Hacker News new | ask | show | jobs
by registeredcorn 534 days ago
I'm just beginning to learn about curl and wget. Can anyone recommend similar resources to this one that emphasize politeness?

For example, I'd like to grab quite a few books from archive.org, but want to use their torrent option, when available. I don't like the idea of "slamming" their site because I'm trying to grab 400 books at once.

1 comments

Some basic stuff on curl rate limiting at https://everything.curl.dev/usingcurl/transfers/rate-limitin...
Thank you kindly for the recommendation! It's much appreciated. I look forward to using that along with --rate to lower the requests themselves, since --limit-rate is for the average speed, not necessarily the max speed.

If you don't mind, I'd like to pick your brain for two other questions. :)

Question 1. Do you know of any sort of commonly used "normal" speed? I have been using --limit-rate 50k. I have the ability to go much faster, but I don't know how fast is too fast. 100k? 500k? 1m? 100g?! 1m is probably too much, but I'm not sure by how much.
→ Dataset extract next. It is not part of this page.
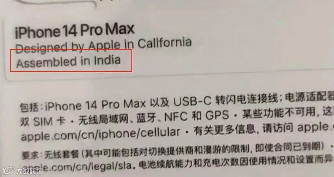 据了解,2022年苹果手机的生产组装中,中国市场的份额为96%,印度紧随其后,约占4%左右。但从去年9月开始,越来越多的消费者发现,他们买到的iPhone 14 系列包装盒上印着“Assembled in India”的字样。这意味着,最新款的苹果手机正在由印度生产制造。

I was thinking there might be a way to click around the site with DevTools -> Network and observe how quickly things are moving around, then stay under that threshold, but I don't know if there's a more obvious solution I'm not thinking of.

Question 2. Regarding `robots.txt`, the linked article mentions:

> If a site doesn't specify a crawl-delay in robots.txt, I default to one request every five seconds. If I get 429s, I slow down.

Is the author trying to say: "If `robots.txt` DOES specify a `crawl-delay` or `limit-rate` value, curl and wget will AUTOMATICALLY obey that specified value"?

Or, is it simply: "I MANUALLY check foo.bar/robots.txt and MANUALLY configure `crawl-delay` and/or `limit-rate` to the specified value. Otherwise, I set it to 5 (or higher, if I start getting 429'd)"?

I'm guessing the latter, but it'd be sweet if it's the former. It would make sense for an automatic tool to have an automatic configuration.